(PROVIDED MATERIAL begins)

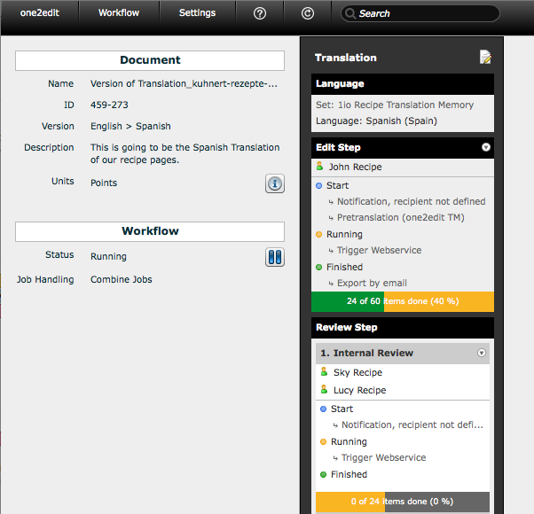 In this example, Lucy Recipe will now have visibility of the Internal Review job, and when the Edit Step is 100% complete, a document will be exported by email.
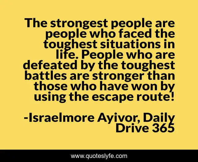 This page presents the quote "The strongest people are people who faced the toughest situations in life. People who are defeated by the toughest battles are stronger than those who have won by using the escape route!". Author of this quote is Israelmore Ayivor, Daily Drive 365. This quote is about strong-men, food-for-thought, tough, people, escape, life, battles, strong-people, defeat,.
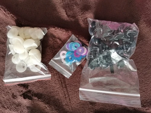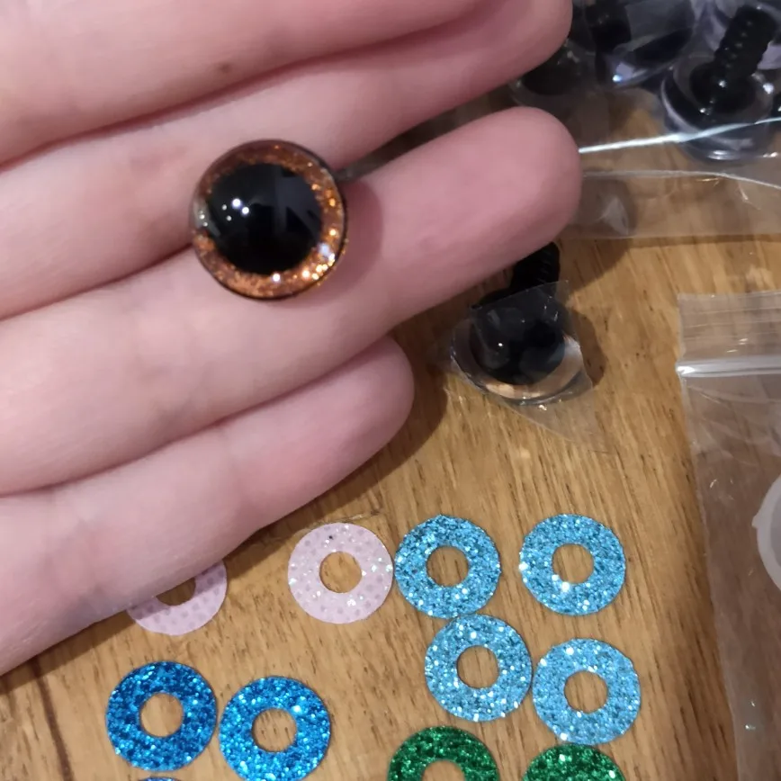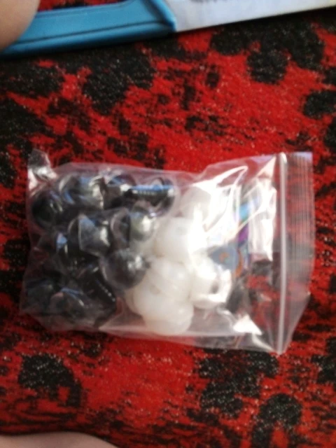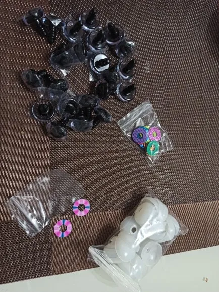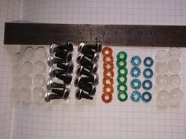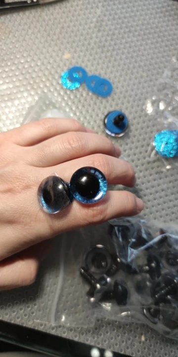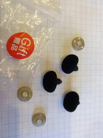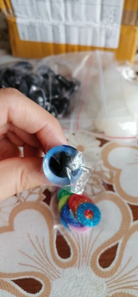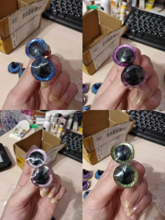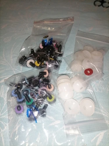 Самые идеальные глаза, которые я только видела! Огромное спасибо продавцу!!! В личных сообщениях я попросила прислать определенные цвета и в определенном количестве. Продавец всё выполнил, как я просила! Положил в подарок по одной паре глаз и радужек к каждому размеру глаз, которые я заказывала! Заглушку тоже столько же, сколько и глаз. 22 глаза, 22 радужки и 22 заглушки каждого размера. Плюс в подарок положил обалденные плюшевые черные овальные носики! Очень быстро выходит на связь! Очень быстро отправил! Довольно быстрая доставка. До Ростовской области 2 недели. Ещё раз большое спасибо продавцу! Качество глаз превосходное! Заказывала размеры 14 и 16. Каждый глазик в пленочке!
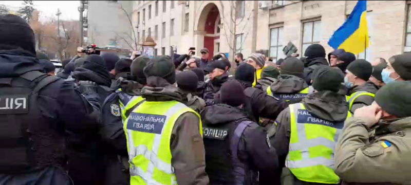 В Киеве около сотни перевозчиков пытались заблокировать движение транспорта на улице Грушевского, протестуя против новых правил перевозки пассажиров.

(PROVIDED MATERIAL ends)
(PROVIDED MATERIAL begins)

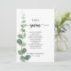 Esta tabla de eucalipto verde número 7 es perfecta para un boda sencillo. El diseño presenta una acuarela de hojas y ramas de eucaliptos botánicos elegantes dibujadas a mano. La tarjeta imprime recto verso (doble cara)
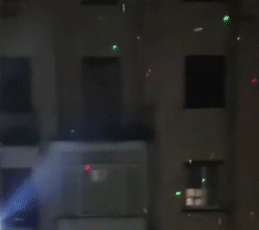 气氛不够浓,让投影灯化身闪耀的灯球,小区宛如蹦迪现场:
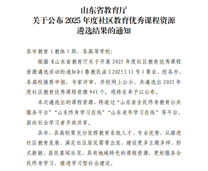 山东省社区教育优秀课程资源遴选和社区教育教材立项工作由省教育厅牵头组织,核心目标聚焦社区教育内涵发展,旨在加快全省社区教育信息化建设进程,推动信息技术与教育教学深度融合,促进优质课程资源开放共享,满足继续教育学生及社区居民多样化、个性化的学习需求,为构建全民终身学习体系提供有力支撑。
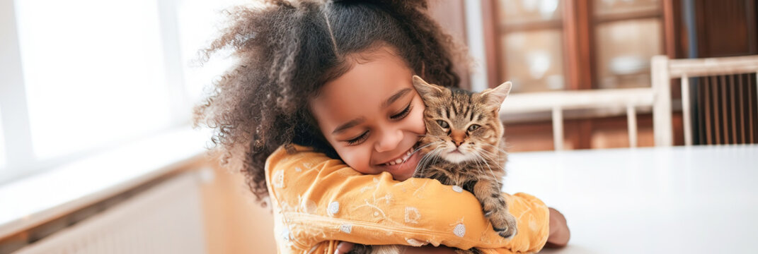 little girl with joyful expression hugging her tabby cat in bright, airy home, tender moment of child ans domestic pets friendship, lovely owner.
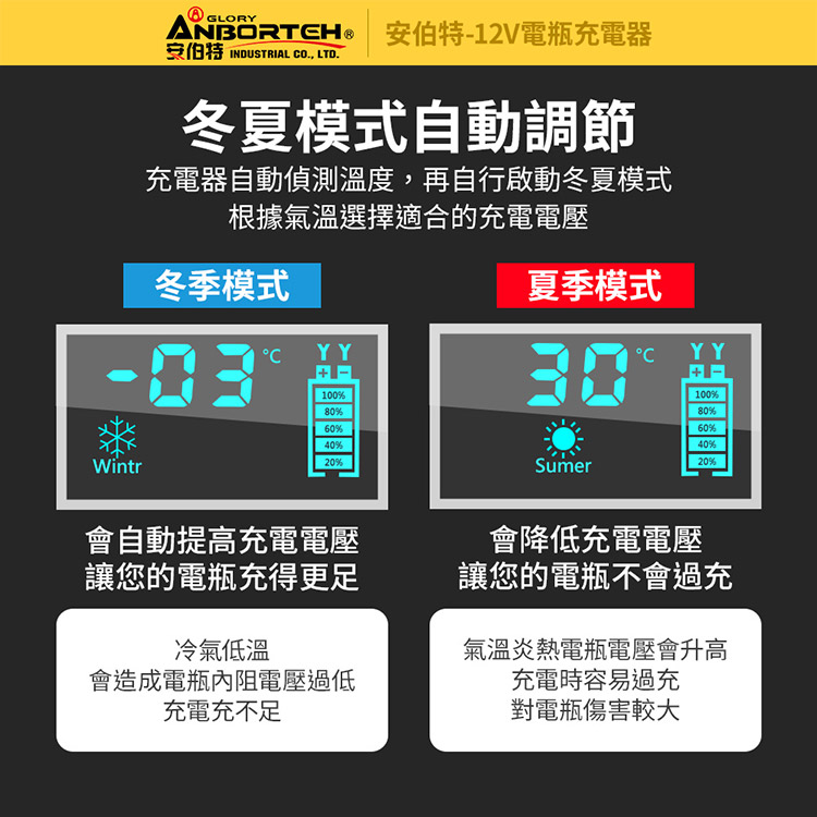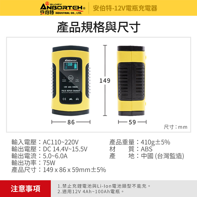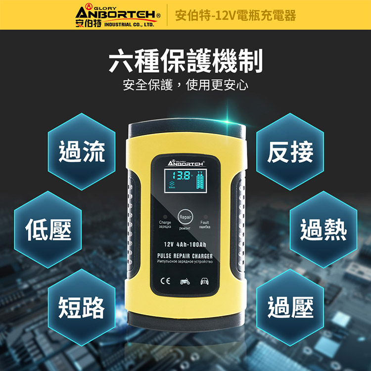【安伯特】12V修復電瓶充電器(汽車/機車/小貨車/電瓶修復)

(PROVIDED MATERIAL ends)
(PROVIDED MATERIAL begins)

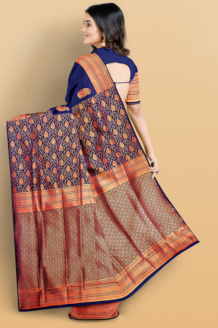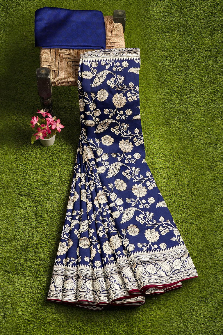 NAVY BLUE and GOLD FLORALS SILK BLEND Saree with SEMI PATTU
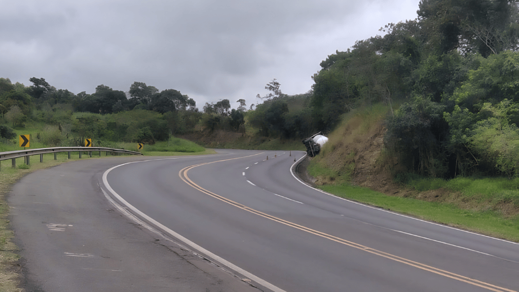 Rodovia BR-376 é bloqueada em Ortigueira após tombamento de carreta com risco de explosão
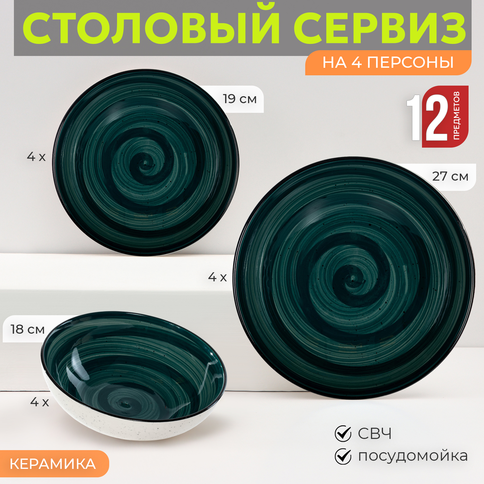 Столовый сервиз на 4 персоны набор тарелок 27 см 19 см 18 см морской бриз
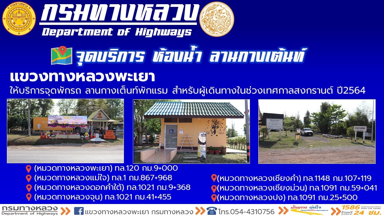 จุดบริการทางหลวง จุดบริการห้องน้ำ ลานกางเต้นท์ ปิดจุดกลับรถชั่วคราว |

(PROVIDED MATERIAL ends)

**EXERCISE DESCRIPTION**
Leaving all pictures out, output exactly the lines of the material above from the line with "NAVY BLUE and" to the line with "จุดบริการทางหลวง จุดบริการห้องน้ำ ลานกางเต้นท์", both included.

**SOLUTION**
 NAVY BLUE and GOLD FLORALS SILK BLEND Saree with SEMI PATTU
 Rodovia BR-376 é bloqueada em Ortigueira após tombamento de carreta com risco de explosão
 Столовый сервиз на 4 персоны набор тарелок 27 см 19 см 18 см морской бриз
 จุดบริการทางหลวง จุดบริการห้องน้ำ ลานกางเต้นท์ ปิดจุดกลับรถชั่วคราว |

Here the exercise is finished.